▶ _Given material_:
=== Begin Enclosure ===

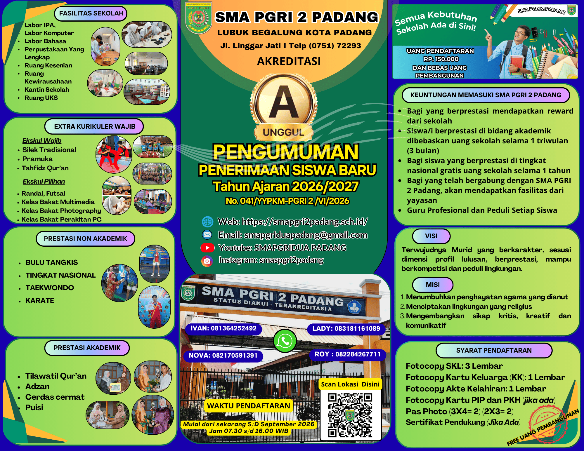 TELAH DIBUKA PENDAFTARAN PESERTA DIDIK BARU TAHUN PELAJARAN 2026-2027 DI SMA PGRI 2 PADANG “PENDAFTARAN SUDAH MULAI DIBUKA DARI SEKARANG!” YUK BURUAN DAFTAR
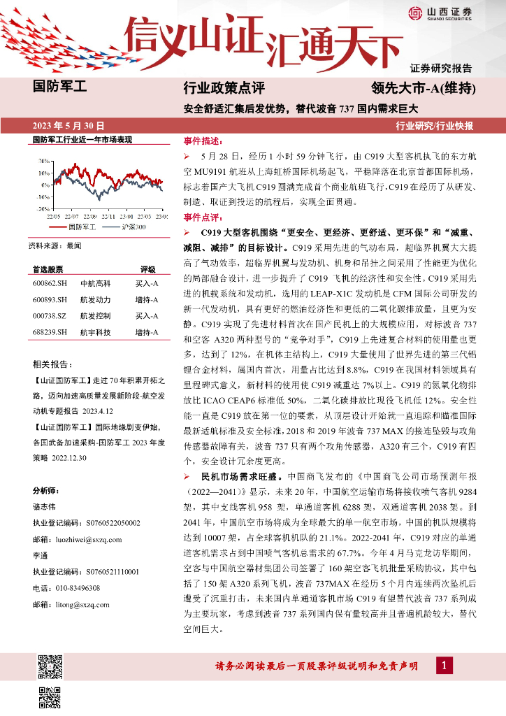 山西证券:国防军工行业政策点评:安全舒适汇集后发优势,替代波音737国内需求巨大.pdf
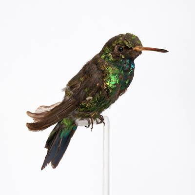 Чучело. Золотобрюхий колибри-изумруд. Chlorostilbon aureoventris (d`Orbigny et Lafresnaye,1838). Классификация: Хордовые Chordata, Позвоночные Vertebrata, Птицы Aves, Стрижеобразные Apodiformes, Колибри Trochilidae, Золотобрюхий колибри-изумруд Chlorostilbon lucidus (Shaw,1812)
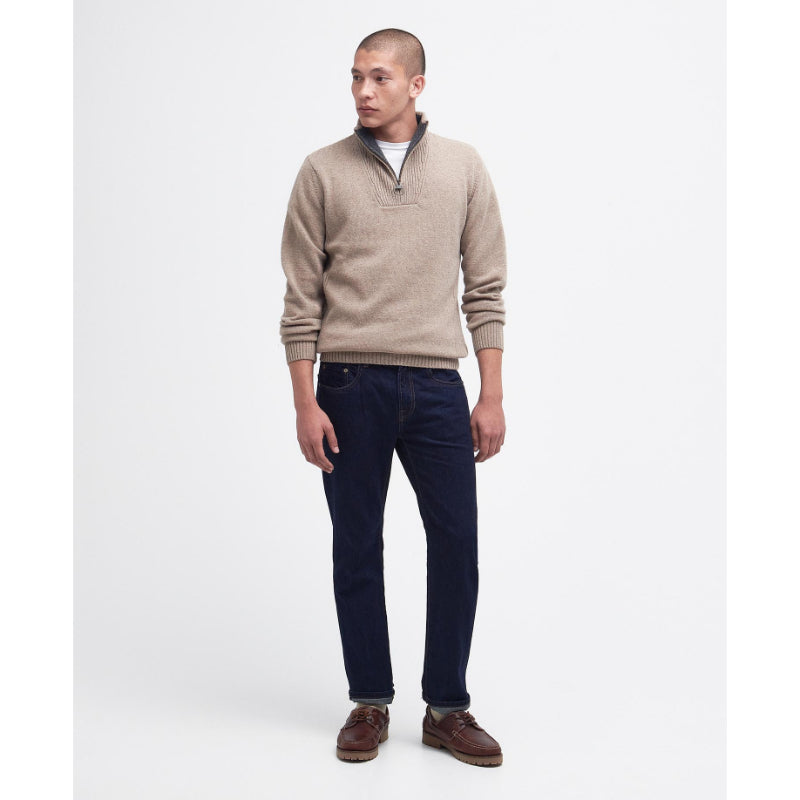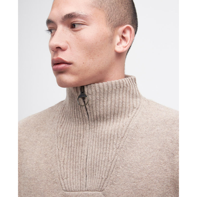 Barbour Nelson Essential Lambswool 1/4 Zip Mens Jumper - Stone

=== End Enclosure ===

▶ _Exercise details_:
Could you give the listing above again word for word, without any pictures?

▶ _Solved exercise_:
 TELAH DIBUKA PENDAFTARAN PESERTA DIDIK BARU TAHUN PELAJARAN 2026-2027 DI SMA PGRI 2 PADANG “PENDAFTARAN SUDAH MULAI DIBUKA DARI SEKARANG!” YUK BURUAN DAFTAR
 山西证券:国防军工行业政策点评:安全舒适汇集后发优势,替代波音737国内需求巨大.pdf
 Чучело. Золотобрюхий колибри-изумруд. Chlorostilbon aureoventris (d`Orbigny et Lafresnaye,1838). Классификация: Хордовые Chordata, Позвоночные Vertebrata, Птицы Aves, Стрижеобразные Apodiformes, Колибри Trochilidae, Золотобрюхий колибри-изумруд Chlorostilbon lucidus (Shaw,1812)
 Barbour Nelson Essential Lambswool 1/4 Zip Mens Jumper - Stone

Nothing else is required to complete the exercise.